NAND-based flash memories are widely used as the solid-state memory storage due to their compactness, low power consumption, low cost, high data throughput and reliability. Solid state drive (SSD) devices commonly employ NAND-based flash memory chips and a flash controller to manage the flash memory and to transfer data between the flash memory and a host computer.
An issue for SSDs is the reliability of the storage elements over the life of the SSD. Over time, relatively high gate voltages applied to the storage elements during program and erase (P/E) cycles in the SSD may cause cumulative permanent changes to the storage element characteristics. Charge may become trapped in the gate oxide of the storage elements through stress-induced leakage current (SILC). As the charge accumulates, the effect of programming or erasing a storage element becomes less reliable and the overall endurance of the storage element decreases. Additionally, an increasing number of P/E cycles experienced by a storage element decreases the storage element's data retention capacity, as high voltage stress causes charge to be lost from the storage element's floating gate, resulting in increased Bit Error Rate (BER) of the memory storage device.
Design capabilities of SSD's are driven by application use cases. Consumer applications are driven primarily by cost, requiring low cost devices that can have limited endurance and limited retention, as long as a lifespan of a few years is obtained for a single-user usage model in which the SSD is operated for only a few hours a day. In contrast, enterprise applications require high reliability, high endurance and long service life. Some enterprise applications also require high retention. However, the factors dictating retention and endurance are related, allowing for varying specifications to accommodate specific use cases. For example, a SSD may have a write endurance of 10,000 cycles/block. By making the specification for retention less stringent, write endurance can be extended. In transaction-oriented applications, where data retention of a few weeks is acceptable, block write endurance can be extended to more than 10,000 cycles/block.

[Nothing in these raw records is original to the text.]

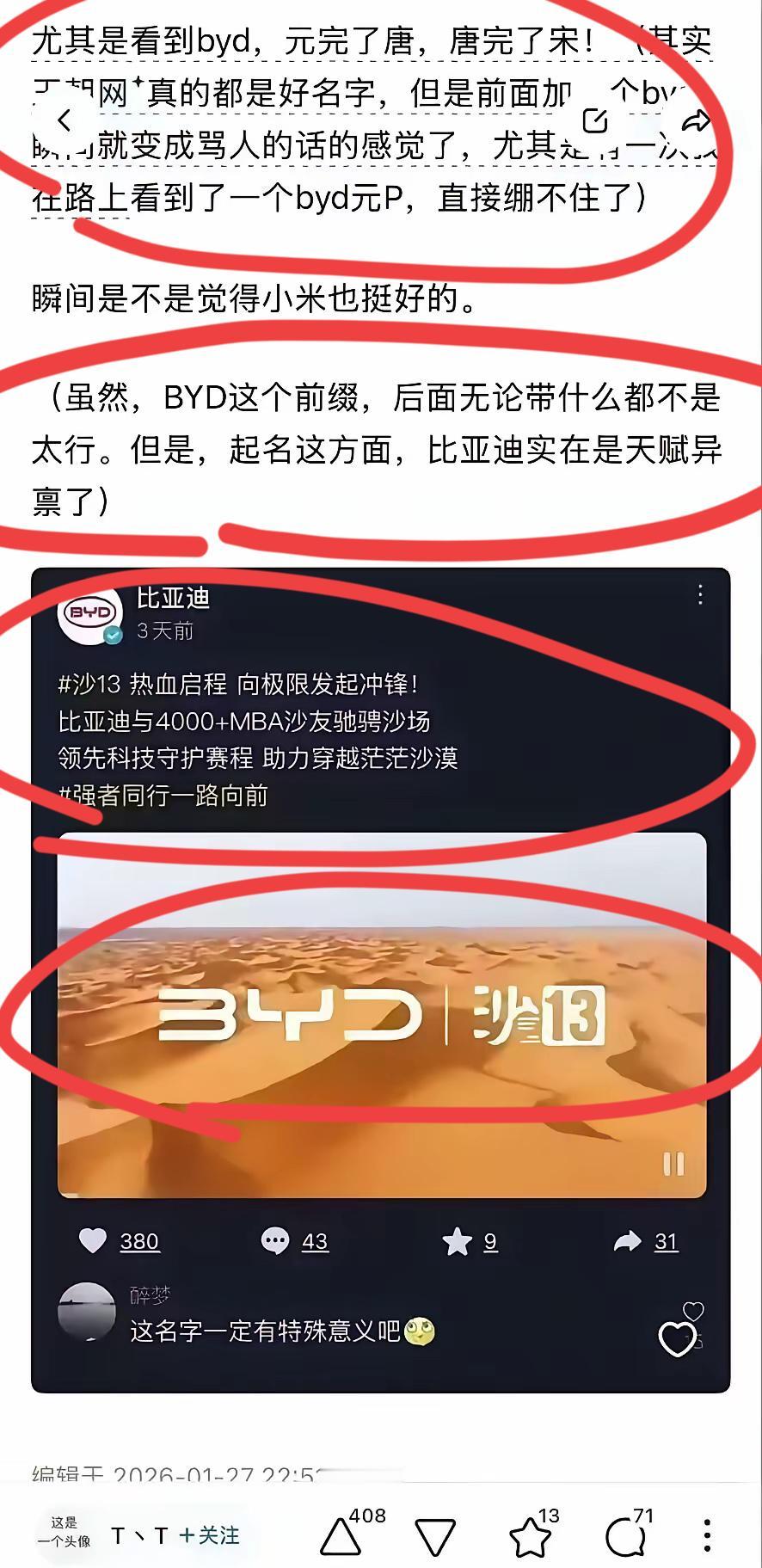 这个有点过了啊!! 总是拿别人的名义来调侃,还能有点新意吗? 都玩成梗了!! 有人说,他们取名天赋异禀,让人惊叹~ 最终还是要靠技术的嘛!新能源汽车的那些品牌,那些名字,那些系列,有几个好听的,不觉得! 而BYD已经成为了世界第一,还是玩这些烂梗就没意思了,没有BYD,可能你们买进口油车,合资油车还得加价!!知足吧,老铁,要看到我们的进步,不要总是灭自己威风,外国的月亮还是比中国圆么? 中国人,你要自信,老铁!
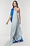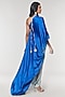 Elevate your style with our blue and grey one-shoulder floor-length dress in bamberg satin. The dress has ring and sequin disc tassels detailing. It includes a grey bamberg satin slip. Easy to wear that combines classic and contemporary styles.
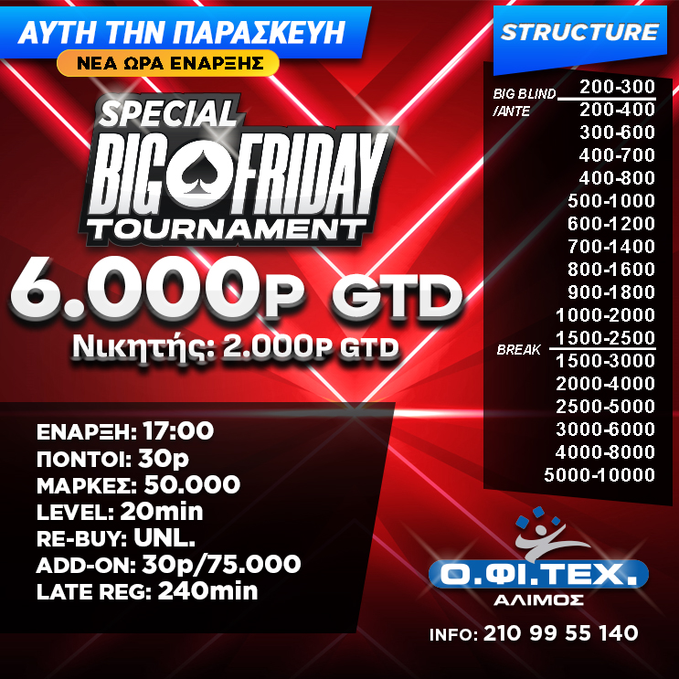 τη Big Friday (6.000p gtd) στον Άλιμο
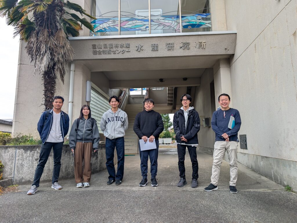 学生さんが水産研究所を訪れた様子が、気候変動適応センターのニュースレターに掲載されました! 投稿日 2025年12月8日 先日、3年生、4年生、大学院生の一部が地域課題クラスで県の水産研究所を訪れました。富山県のブリやサクラマスなどの水産資源が、今後の気候変動にどのように適応していくかを学びました。この様子を気候変動適応センターのニュースレターに掲載していただきました。頑張って取材した学生さんおよびご協力頂いた水産研究所および気候変動適応センターの皆様に感謝感謝です。 ニュースレターの様子はこちらからご確認ください。
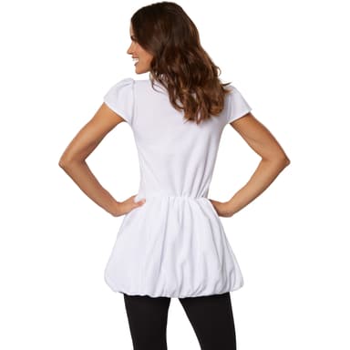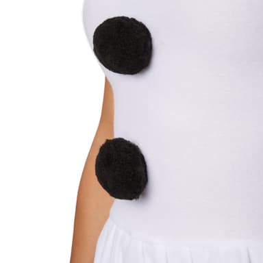 Som snekvinde vil du også være et blikfang selv i en voldsom snestorm. Den kortærmede kjole har et figurbetonet snit. Takket være den elastiske gummibånd på højde med taljen rynkes kjolen let og får mere vidde. Tre sorte kvaster placeret over hinanden gør det ud for snekvindens knapper og giver kostumet dets karakteristiske kendetegn, materiale: 100 % polyester.
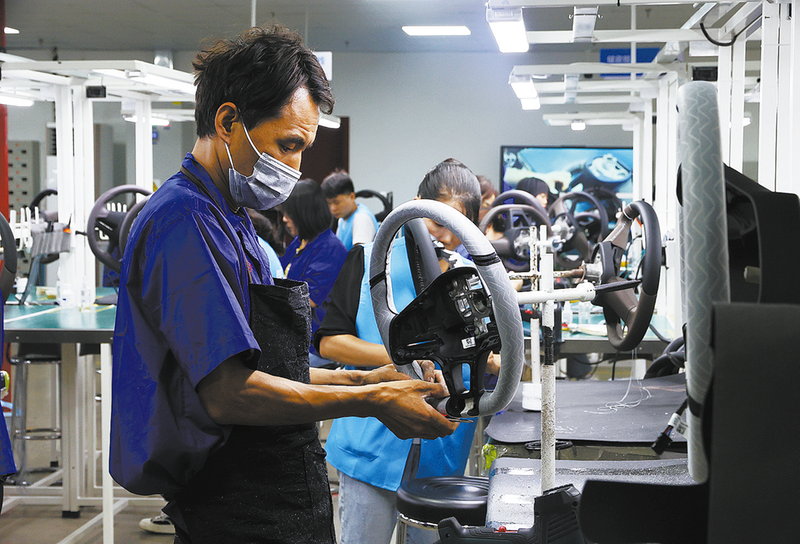 比亞迪實(shí)業(yè)有限公司生產(chǎn)車(chē)間內(nèi)工人忙碌有序
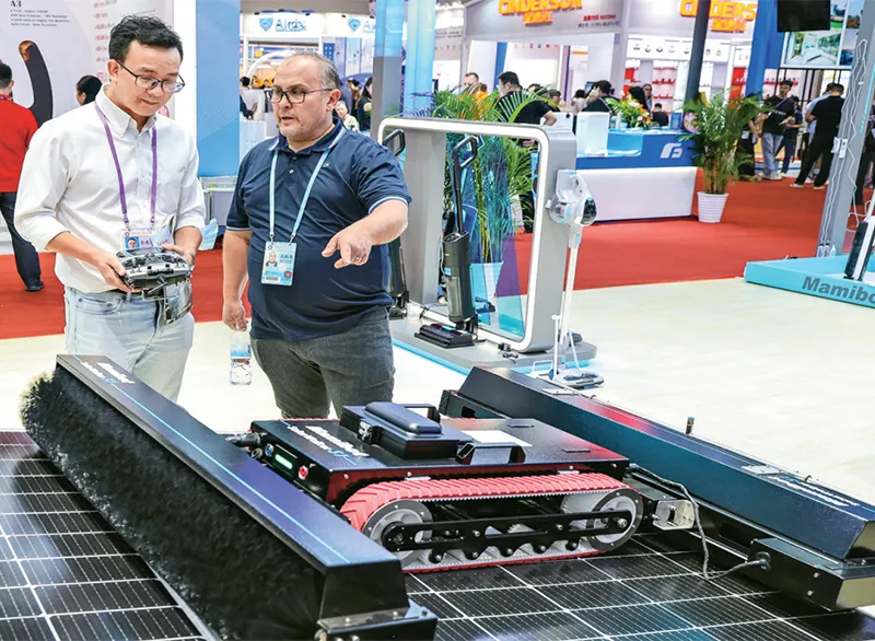 黨的十八大以來(lái),我國(guó)以年均3.3%的能源消費(fèi)增速支撐了年均6.1%的經(jīng)濟(jì)增長(zhǎng),能耗強(qiáng)度累計(jì)下降26.1%,是全球能耗強(qiáng)度降低最快的國(guó)家之一。圖為2024年10月15日,采購(gòu)商在第136屆廣交會(huì)展館了解一款太陽(yáng)能面板自動(dòng)清潔機(jī)器人產(chǎn)品。 新華社記者 劉大偉/攝
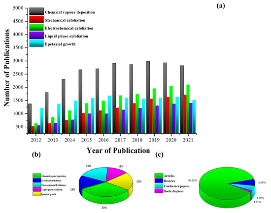 As can be observed from Figure 16a,b, CVD is by far the most researched and used technique when compared with other techniques, since this bottom-up method can result in the production of high-quality (low defects), large-sized graphene with a controlled number of layers. CVD has seen sustained growth up until 2019, with aa slight decrease in both 2020 and 2021, which may be due to the necessity of finding alternative techniques that are green and more sustainable. Alternative top-down techniques such as liquid phase and electrochemical exfoliation have seen steady growth over recent years since, by using electrochemical exfoliation, good-quality graphene can be produced using a simpler and more eco-friendly synthesis procedure at a much lower cost; however, this technique still faces various challenges including slight oxidation and non-uniform thickness of produced graphene. Similarly, liquid-phase exfoliation is another very promising technique, which has seen increased use recently and can be used to cost-effectively produce graphene at a larger scale; however, this top-down technique is time consuming and produces predominantly few-layer graphene. It can be seen from Figure 16c that most of these research publications are comprised of experimental articles, making graphene synthesis one of the most studied, active, and high-growth area of research.
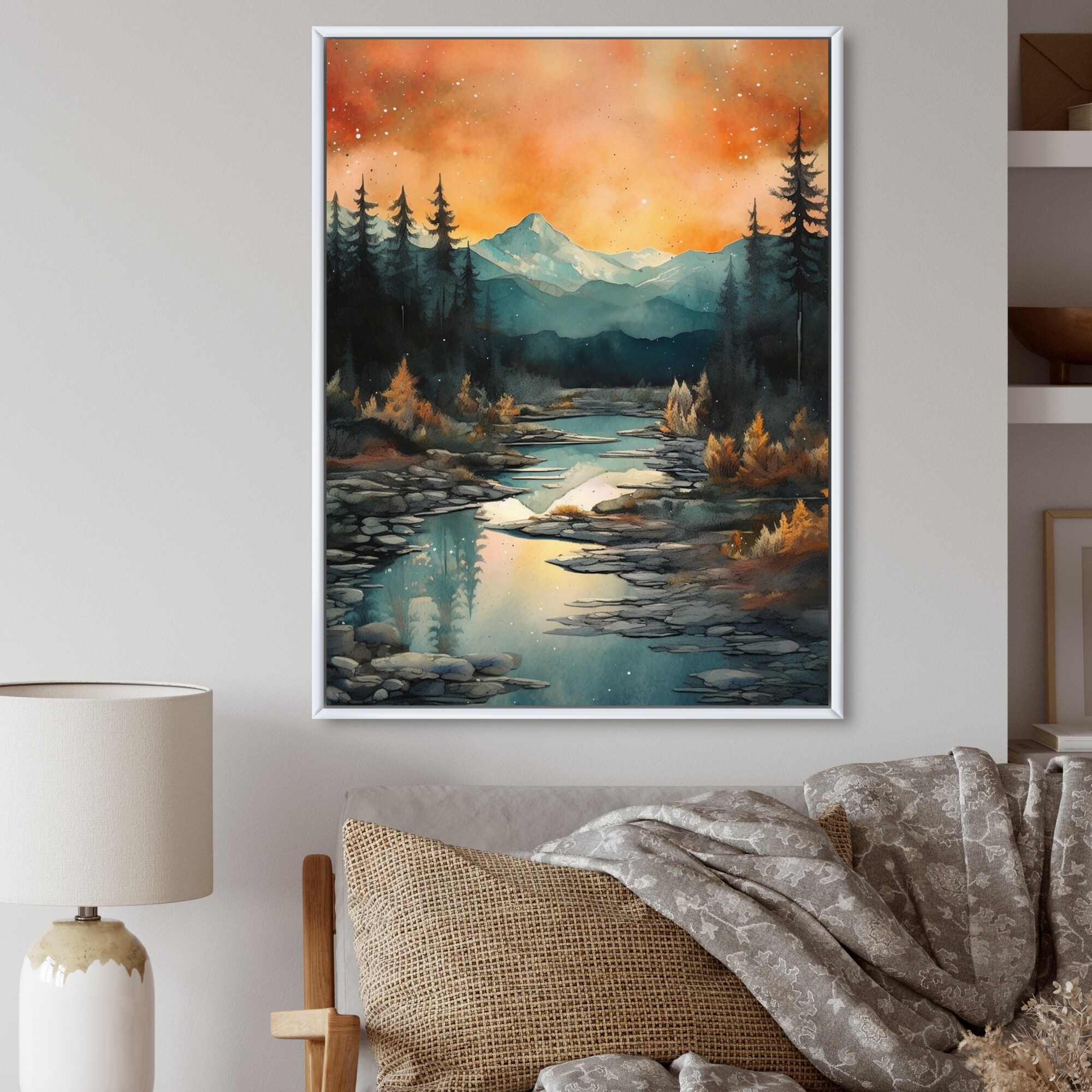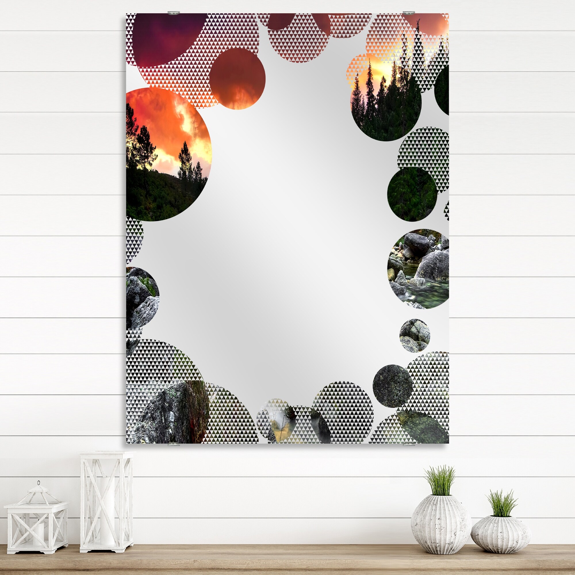 Designart 'Rocky Mountain River at Sunset' Landscape Printed Wall Mirror
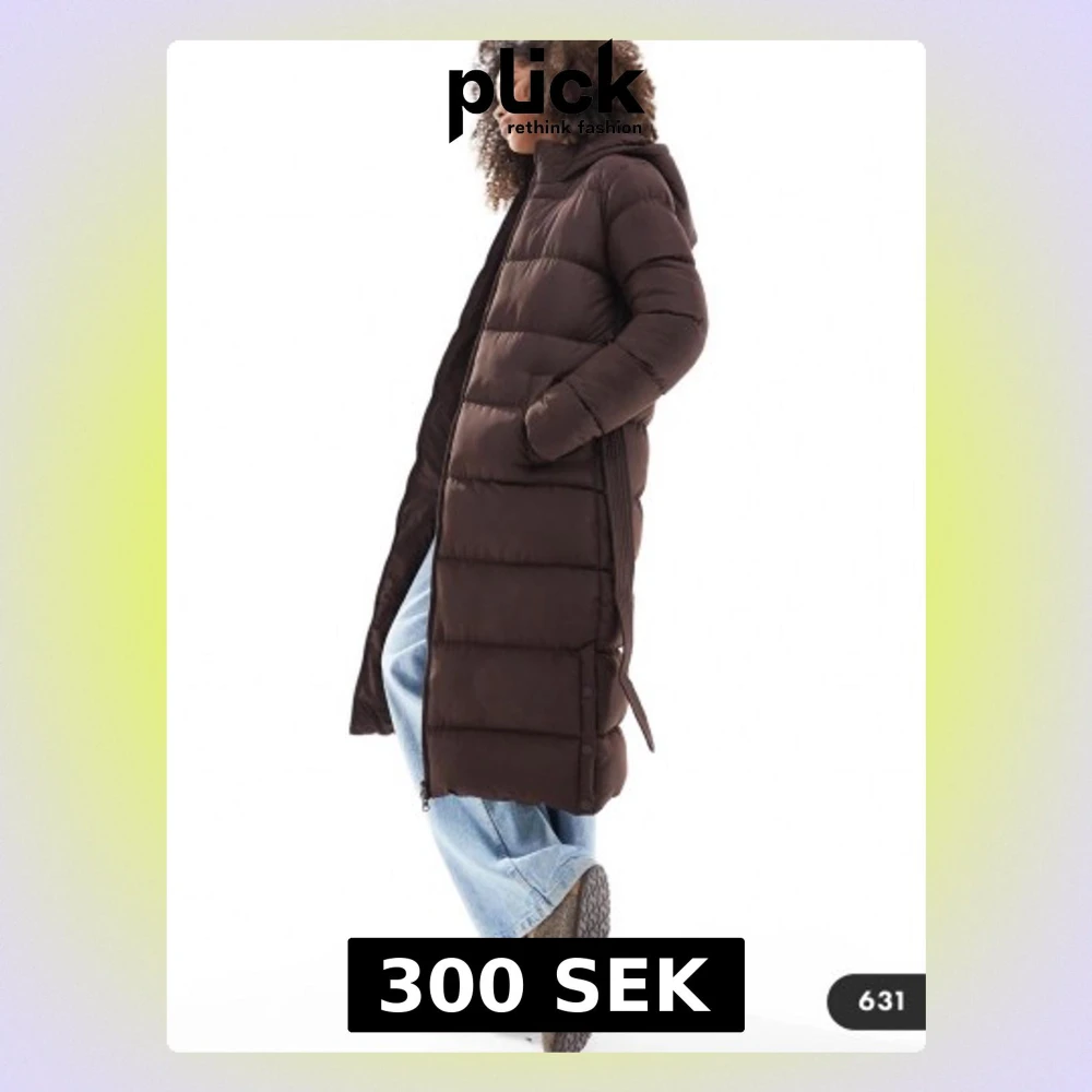 Lång brun dunjacka med huva
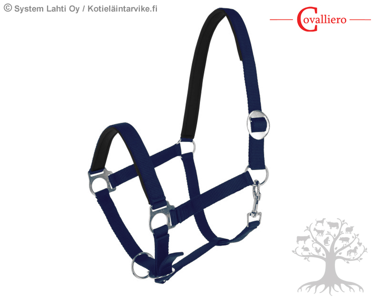 Covalliero Riimu Doria Navy. Laadukas, kestävä ja säädettävä nailonriimu, jossa portaaton säätömahdollisuus niska- ja turpahihnassa. Riimussa on turvalla sekä niskassa pehmusteet. Riimun kaikki soljet ovat teräksen väriset, poskihihnassa on pikalukko.
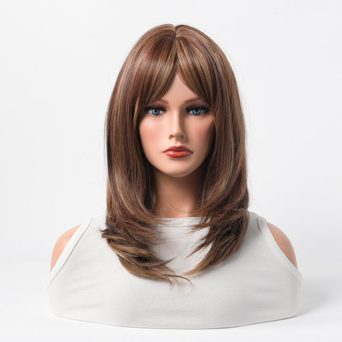 Estelle Full Wig for Heat Resistant Synthetic Wig Natural Long Straight Wig With Bangs Lady Fiber Wig Highlight Brown
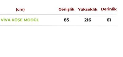 Viva Köşe Modül, Ürünümüz söğüt renk suntalam’dem üretilmiştir. Dolap kapaklarında dekoratif, ayna yansıtmalı ve sensörlü ışığı devreye girdiğinde içerisini gösteren bronz reflekte, kırılmaz temperli cam kullanılmıştır. Kapak menteşeleri yavaşlatıcılıdır.Üstün kaliteli ve dayanıklılık standartlarına uygun olarak üretilmiştir.
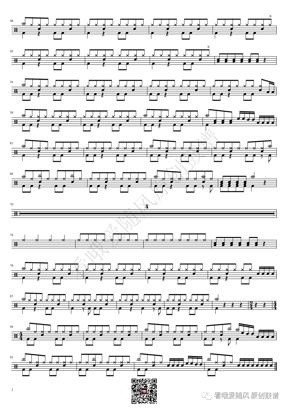 ONEOKROCK《IWasKing》架子鼓谱,看哦爱随风编配出品,共有2张高清图谱,由打鼓谱上传并分享。
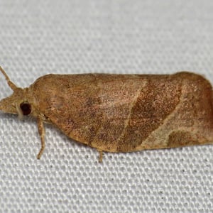 Pandemis limitata, the three-lined leafroller, is a species of moth of the family Tortricidae. It is found in North America, where it has been recorded from Nova Scotia to British Columbia and from the east coast west to the Rocky Mountains and Arizona. It has also been recorded from Durango in Mexico. The length of the forewings is 7–9.5 mm for males and 9–12 mm for females. The forewings are brown with fasciate markings. The hindwings are grey and white. Adults are on wing from June to August in one or two generations per year. The larvae are leaf rollers. They feed on Acer negundo, Acer saccharinum, Alnus species (including Alnus incana and Alnus rubra), Betula species (including Betula papyrifera), Corylus species (including Corylus americana), Viburnum species, Euonymus atropurpureus, Cornus racemosa, Vaccinium species, Amorpha fruticosa, Trifolium species, Castanea species, Quercus species (including Quercus alba and Quercus macrocarpa), Myrica gale, Osmunda species, Malus species (including Malus domestica and Malus sylvestris), Prunus species (including Prunus avium and Prunus virginiana), Sorbus species, Populus species (including Populus alba, Populus balsamifera and Populus tremuloides), Salix species, Tilia americana and Ulmus species (including Ulmus americana and Ulmus rubra), and others. They feed on the terminal leaf growth and sometimes on the fruit of their host plant. Larvae reach a length of about 20 mm. They are entirely green and unmarked. Pupation takes place at the final larval feeding site.
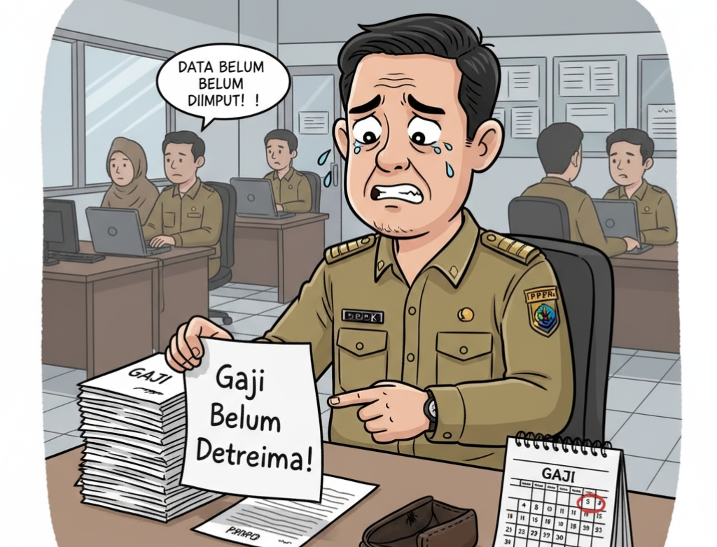 Ilustrasi Gaji PPPK belum dibayarkan akibat tidak diinput pihak Kecamatan | Foto : Zonamu/AI

Accordingly it is important to be able to accurately determine both write endurance and retention. Prior art models for determine retention capabilities of NAND-based flash memory chips are typically based on delta read calculations and the assumption that delta read is monotonic. However, with scaled NAND geometries, delta read is not monotonic. Delta read can be both positive and negative for a particular retention time. Accordingly, prior art models based on the assumption that delta read are based on an incorrect assumption. This can lead to incorrect estimation of retention values for a particular NAND Device.
Accordingly, what is needed in the art is a method and apparatus that will allow for accurately determining retention capabilities of NAND-Flash devices and SSD's and assuring that NAND-Flash devices and SSD's maintain the determined retention capabilities.